Studio album by Disarmonia Mundi
- Released: 12 June 2006 (see release dates)
- Recorded: 2006 at The Metal House Studio
- Genre: Melodic death metal
- Length: 45:22
- Label: Scarlet, Coroner
- Producer: Ettore Rigotti

Disarmonia Mundi chronology
| Fragments of D-Generation (2004) | Mind Tricks (2006) | The Isolation Game (2009) |

= Mind Tricks =

Mind Tricks is the third full-length studio album by the Italian melodic death metal band Disarmonia Mundi, released on 12 June 2006 by Scarlet Records. Like its predecessor, this album again features Björn "Speed" Strid on vocals, but does not feature bassist Mirco Andreis, who decided to leave the band to concentrate on his career as a video clip director. Mirco directed the video for the song "Celestial Furnace", but did not appear in the video. The music of the album was written and recorded by Ettore Rigotti in 3 weeks, with all lyrics written by Claudio Ravinale in a few days.
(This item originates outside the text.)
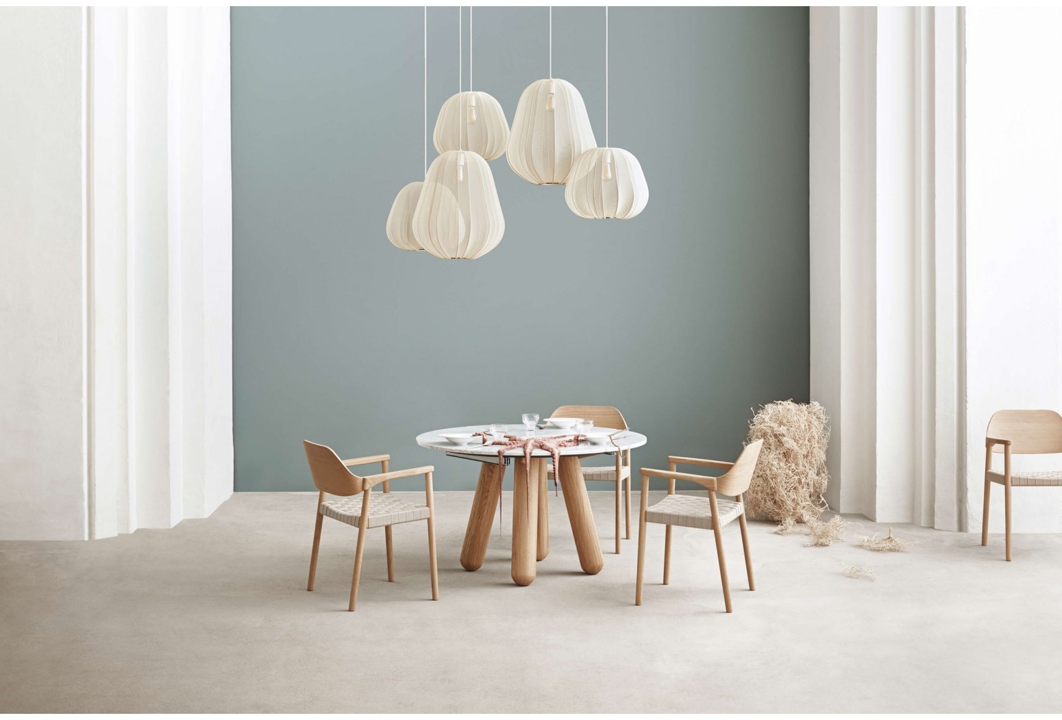 Elegantní a čistá síťovaná látka dodává lampě Ballon lehký a hravý efekt a odráží světlo téměř hypnotickým způsobem.
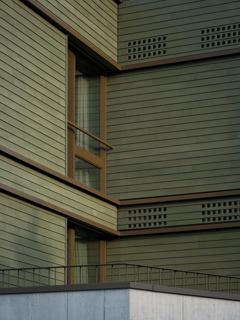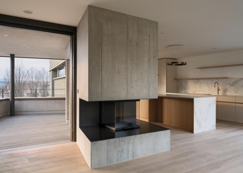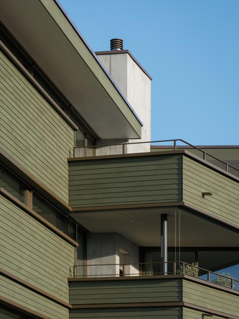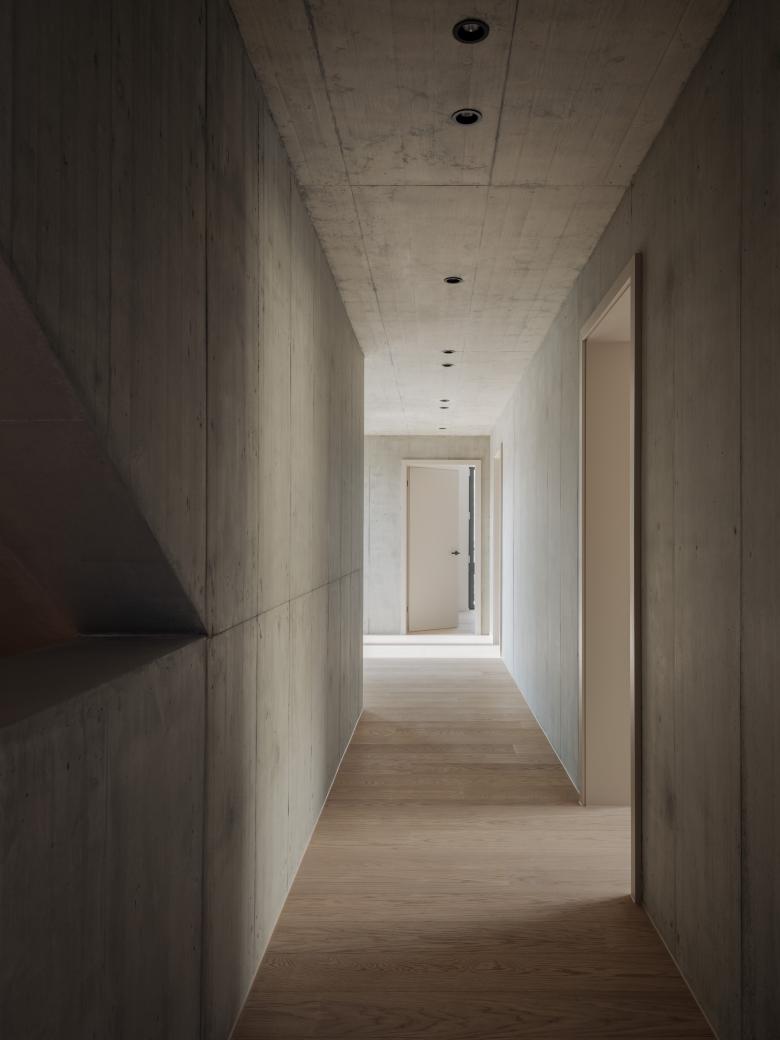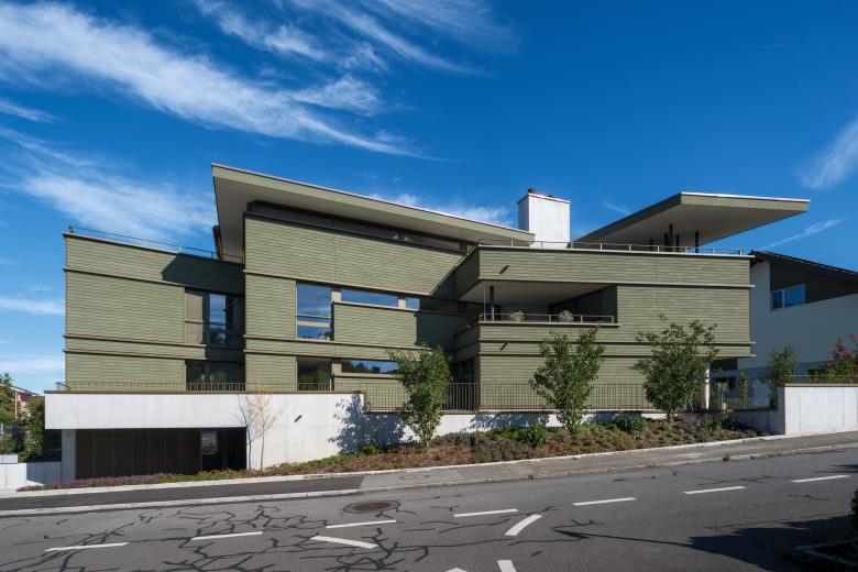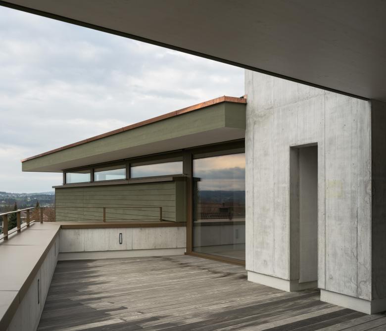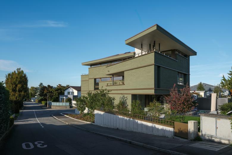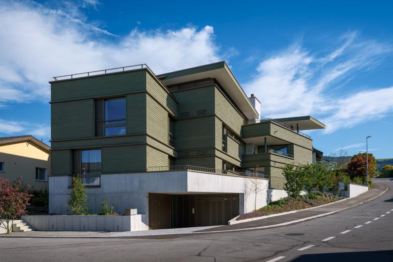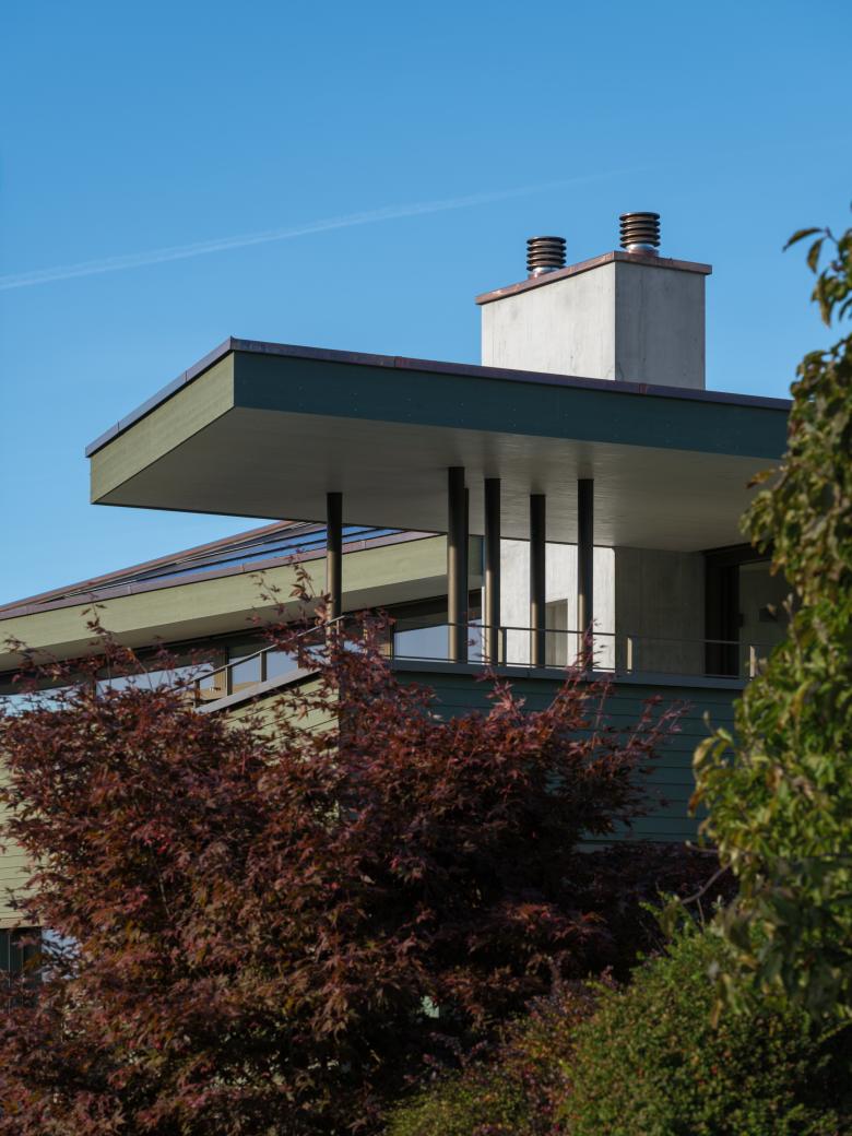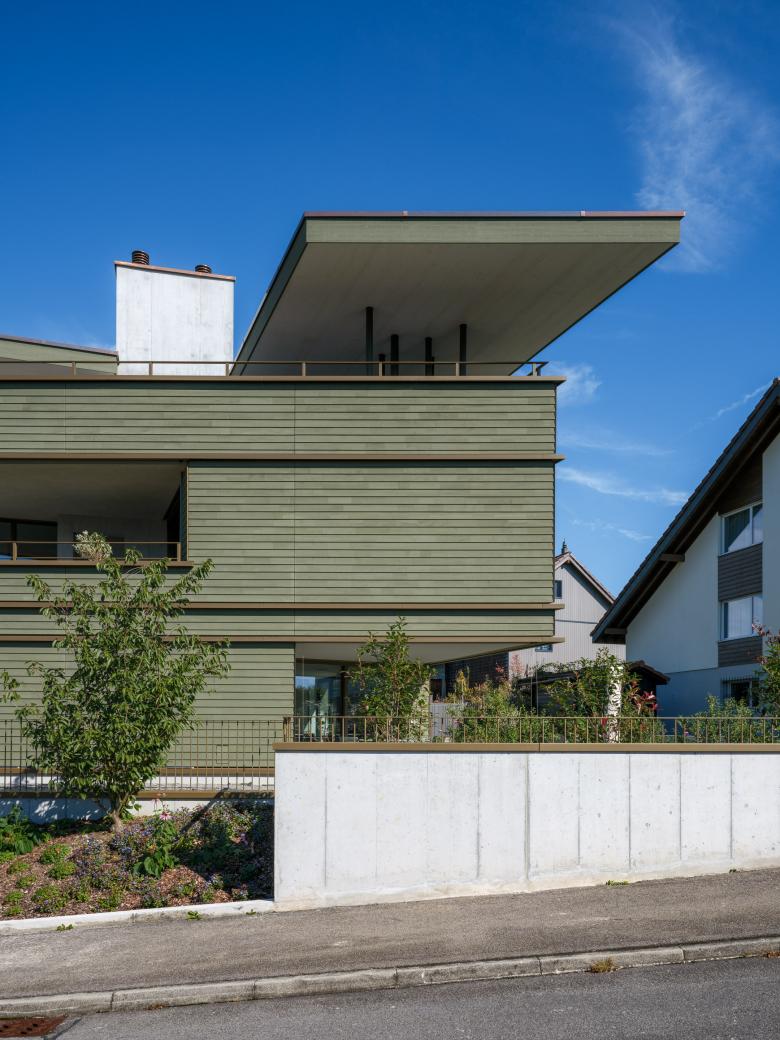 Grosszügige Vordächer schützen das Gebäude und setzen klare Abschlüsse nach oben. Die Fenster vermitteln zwischen Innen und Aussen und bilden zusammen mit den horizontalen Fassadenelementen eine spannende Komposition, die sowohl Privatsphäre als auch Ausblicke ermöglicht.

The album features a Pantera cover version of the song "Mouth for War". The Japanese release of the album includes a bonus track from a 2002 demo entitled, "Moon of Glass". The Korean release included a bonus track entitled "Chester". The cover art features a manipulated image from the 2005 film Sin City featuring actress Makenzie Vega as a young Nancy Callahan.

Professional ratings
Review scores
| Source | Rating |
| Metal Underground |  |

== Track listing ==
1. "Resurrection Code" – 4:25
2. "Mindtricks" – 3:52
3. "Celestial Furnace" – 3:48
4. "Nihilistic Overdrive" – 4:51
5. "Parting Ways" – 4:01
6. "Venom Leech and the Hands of Rain" – 5:03
7. "Liquid Wings" – 4:36
8. "Process of Annihilation" – 3:44
9. "Last Breed" – 3:37
10. "A Taste of Collapse" – 3:33
11. "Mouth for War" (Pantera cover) – 3:52

=== Bonus tracks ===

Japanese edition
| No. | Title | Length |
|---|---|---|
| 12. | "Moon of Glass" | 5:20 |

Korean edition
| No. | Title | Length |
|---|---|---|
| 12. | "Chester" |  |

2011 Coroner Records reissue
| No. | Title | Length |
|---|---|---|
| 12. | "Celestial Furnace (Acoustic Version)" |  |
| 13. | "Ringside Seat to Human Tragedy" |  |
| 14. | "Moon of Glass" |  |
| 15. | "Nihilistic Overdrive (Remix)" |  |

== Release dates ==

| Record company | Date |
|---|---|
| Scarlet | 12 June 2006 |
| Coroner | 30 June 2011 |

== Credits ==
=== Disarmonia Mundi ===
- Ettore Rigotti − rhythm guitar, drums, keyboards, clean vocals, music, arrangements, mixing, recording, engineering, lead guitar (tracks 4–6, 8, 9, 13, 15), bass (on every song except "Moon of Glass" and "Chester")
- Claudio Ravinale − co-lead screamed vocals and lyrics (2–11, 13, 15)
- Björn "Speed" Strid − session co-lead death growls and clean vocals (except on "Ringside Seat to Human Tragedy", "Moon of Glass" and "Chester")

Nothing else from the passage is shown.